[Raw data]:
#####

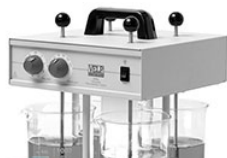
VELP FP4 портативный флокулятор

#####

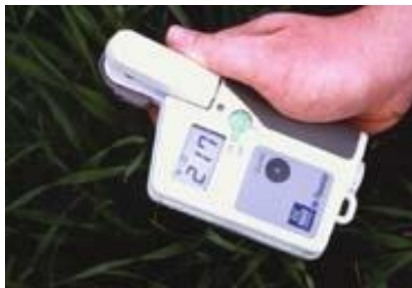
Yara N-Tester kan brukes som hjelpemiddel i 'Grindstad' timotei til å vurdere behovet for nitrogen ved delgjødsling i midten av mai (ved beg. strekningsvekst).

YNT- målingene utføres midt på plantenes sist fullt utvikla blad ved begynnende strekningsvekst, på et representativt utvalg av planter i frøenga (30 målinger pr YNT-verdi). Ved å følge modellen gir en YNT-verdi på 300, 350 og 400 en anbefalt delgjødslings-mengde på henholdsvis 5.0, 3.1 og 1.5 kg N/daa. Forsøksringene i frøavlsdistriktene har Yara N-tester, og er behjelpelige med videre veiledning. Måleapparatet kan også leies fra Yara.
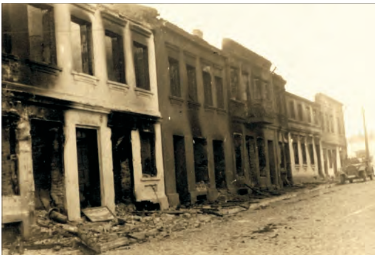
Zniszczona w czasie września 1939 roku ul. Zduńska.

#####

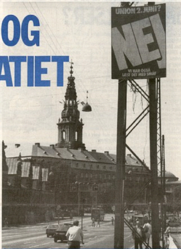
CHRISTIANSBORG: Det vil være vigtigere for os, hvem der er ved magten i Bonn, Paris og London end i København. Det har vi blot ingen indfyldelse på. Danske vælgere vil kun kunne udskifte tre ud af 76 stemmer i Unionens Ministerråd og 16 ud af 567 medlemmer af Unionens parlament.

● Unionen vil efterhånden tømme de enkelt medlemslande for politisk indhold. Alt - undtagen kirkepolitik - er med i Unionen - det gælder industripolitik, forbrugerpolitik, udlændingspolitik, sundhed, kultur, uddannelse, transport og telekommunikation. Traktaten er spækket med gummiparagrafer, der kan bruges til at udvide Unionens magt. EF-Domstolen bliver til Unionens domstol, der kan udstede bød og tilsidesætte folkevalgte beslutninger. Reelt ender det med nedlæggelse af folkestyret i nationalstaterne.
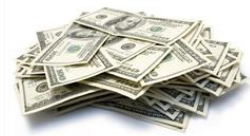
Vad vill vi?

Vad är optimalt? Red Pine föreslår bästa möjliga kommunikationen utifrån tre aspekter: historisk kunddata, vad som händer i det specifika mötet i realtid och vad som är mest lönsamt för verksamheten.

#####

[Work request]:
In the listing above, show every line with the word "Unionens".

[Response]:
CHRISTIANSBORG: Det vil være vigtigere for os, hvem der er ved magten i Bonn, Paris og London end i København. Det har vi blot ingen indfyldelse på. Danske vælgere vil kun kunne udskifte tre ud af 76 stemmer i Unionens Ministerråd og 16 ud af 567 medlemmer af Unionens parlament.
● Unionen vil efterhånden tømme de enkelt medlemslande for politisk indhold. Alt - undtagen kirkepolitik - er med i Unionen - det gælder industripolitik, forbrugerpolitik, udlændingspolitik, sundhed, kultur, uddannelse, transport og telekommunikation. Traktaten er spækket med gummiparagrafer, der kan bruges til at udvide Unionens magt. EF-Domstolen bliver til Unionens domstol, der kan udstede bød og tilsidesætte folkevalgte beslutninger. Reelt ender det med nedlæggelse af folkestyret i nationalstaterne.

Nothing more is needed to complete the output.